Issue with making changes to data

Apr 11 at 12:15pm BST

Affected services

Breww core platform (inc. mobile app)

Resolved
Apr 11 at 12:15pm BST

We're really sorry, but we had a problem with allowing you to make changes to your data. Breww was fully usable in a "view-only" capacity, but most data "writes" were failing. The issue started around midnight and lasted until just before 7:30am (UK time).

The issue was caused by one of our security mechanisms (known as CSRF) erroneously rejecting user's requests to apply changes to their data. When you send data update requests to Breww, we verify that they come from a trusted source. This check thought the requests were not to be trusted, even though they were, in fact, from trusted sources.

We have extensive monitoring of our systems in place to ensure that we know about any issues with our platform. This monitoring will wake our team up in the middle of the night if needed. Unfortunately, our monitoring didn't detect this issue, so it didn't wake us up to fix it. This is why the problem took so long to be fixed. Once our team was aware of the problem, it was resolved within 10 minutes.

Why did it occur in the first place?

Ironically, we had deployed a change intended to improve reliability, which we deliberately made during the period of the day when Breww is at its quietest - which is late evening for our UK-based team. The change was well tested in our non-production environments, but due to some differing characteristics of our production environment, related to how the web application firewall (WAF) and reverse proxies work together, an HTTP header was being dropped that wasn't dropped in the other environments. This caused the CSRF checks to reject the requests to change data.

Due to the nature of the update, we also had it planned for Breww's quietest period to reduce the impact of any expected problems. This was unfortunate in this case as the change appeared to have worked perfectly, so our team went to bed unaware of these problems. We hadn't in any way anticipated that it would cause the problems that it did in the way it did, so after the change seemed to go live successfully, and because we didn't encounter any problems during the testing in our non-production environment, we were happy that all was well.

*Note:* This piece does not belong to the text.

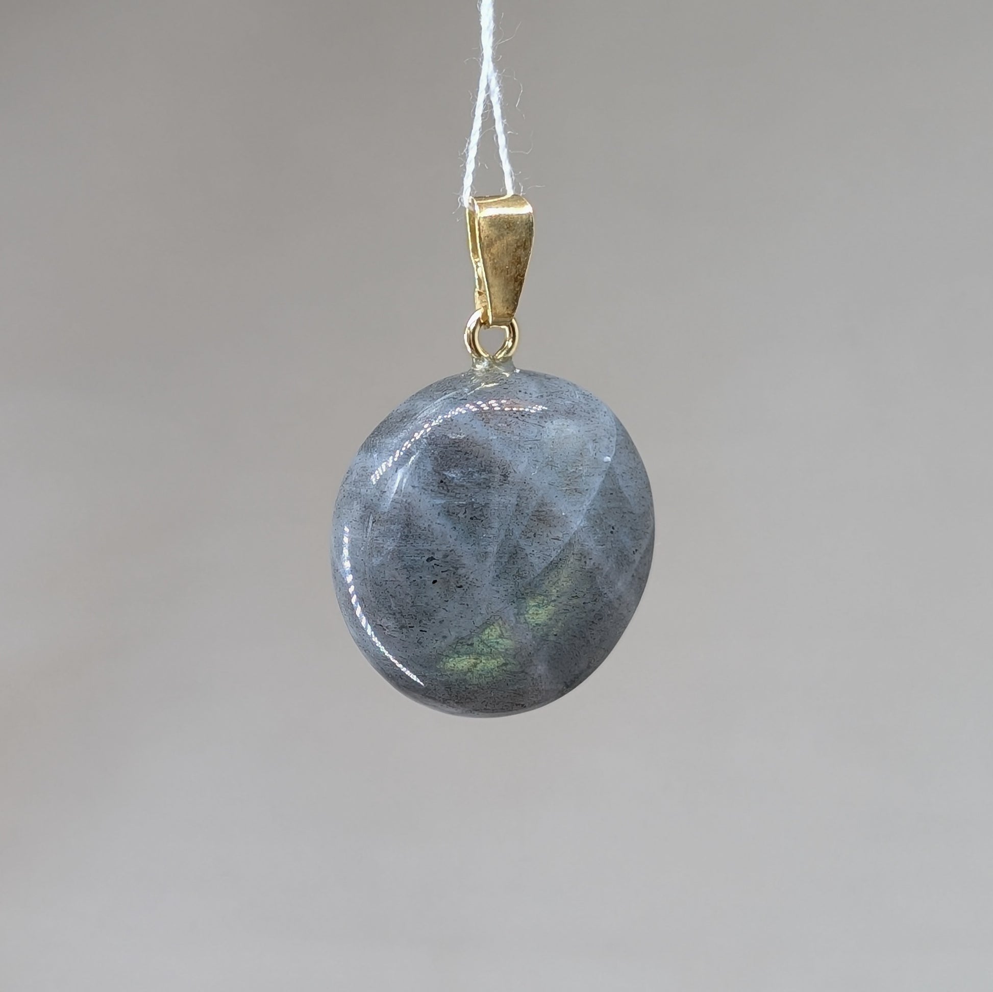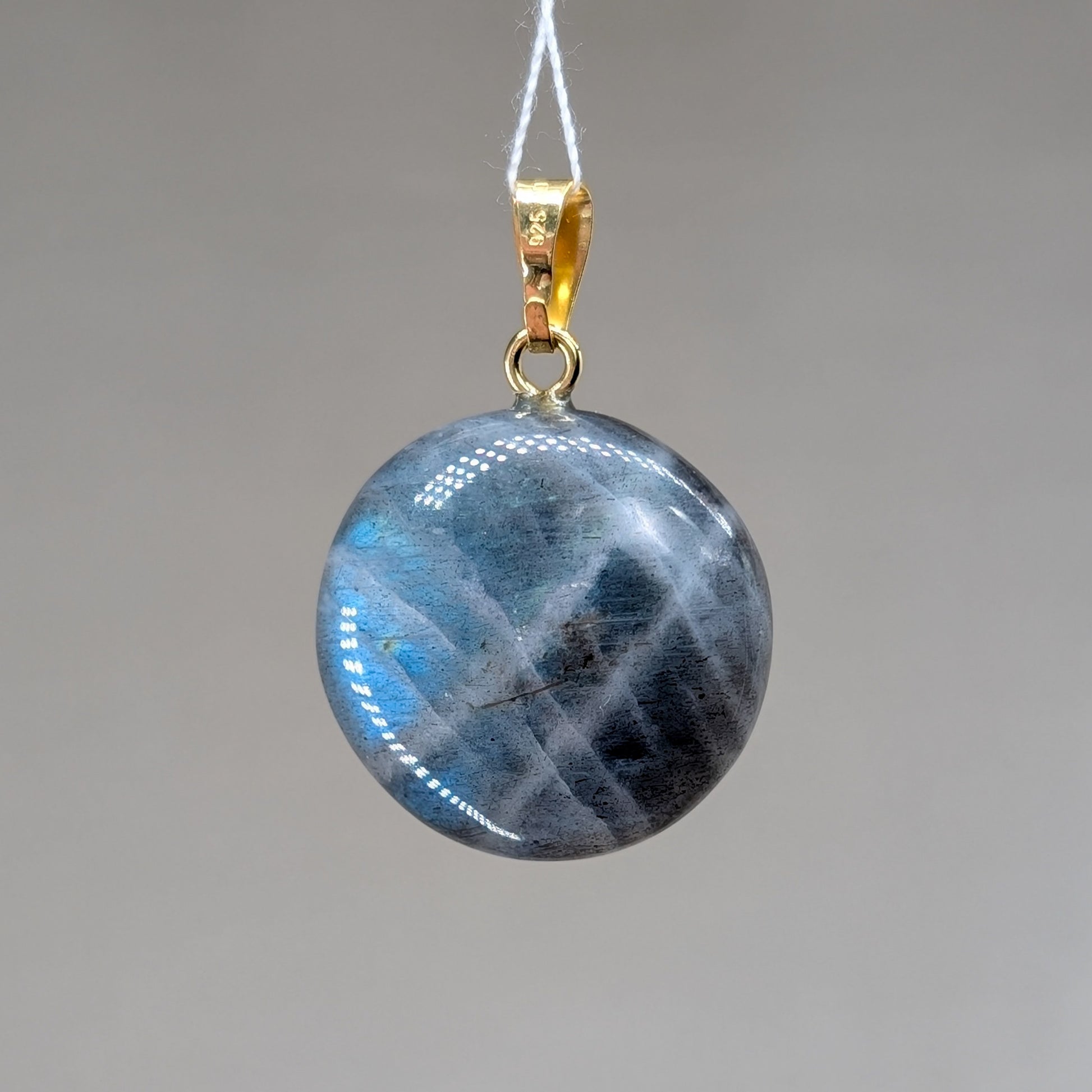 Runder Labradorit Kettenanhänger mit ausgeprägtem Türkisflash – mit Öse aus 925er Silber vergoldet.

As we have customers all around the world, but we're based in the UK, our out-of-hours, isn't out-of-hours for everyone.

Going forward

This became such a significant problem as we were not alerted to the problem by our monitoring. This is arguably the biggest failing here. We'll be introducing new monitoring metrics to detect issues like this in the future and ensure the team is notified (and woken up if required). We're going to start monitoring application response codes for elevated levels/spikes, and ensure this triggers the same processes as so many other already-monitored metrics do.

We're sorry

We hold our hands up. We let you down today. We know that Breww is vital to your business and that issues like this are not acceptable. We've already learnt from it and will have processes/monitoring improved very soon.

We appreciate all the kind messages and thank you for being so understanding that problems do happen despite our best efforts. This will only make Breww stronger and more resilient going forward.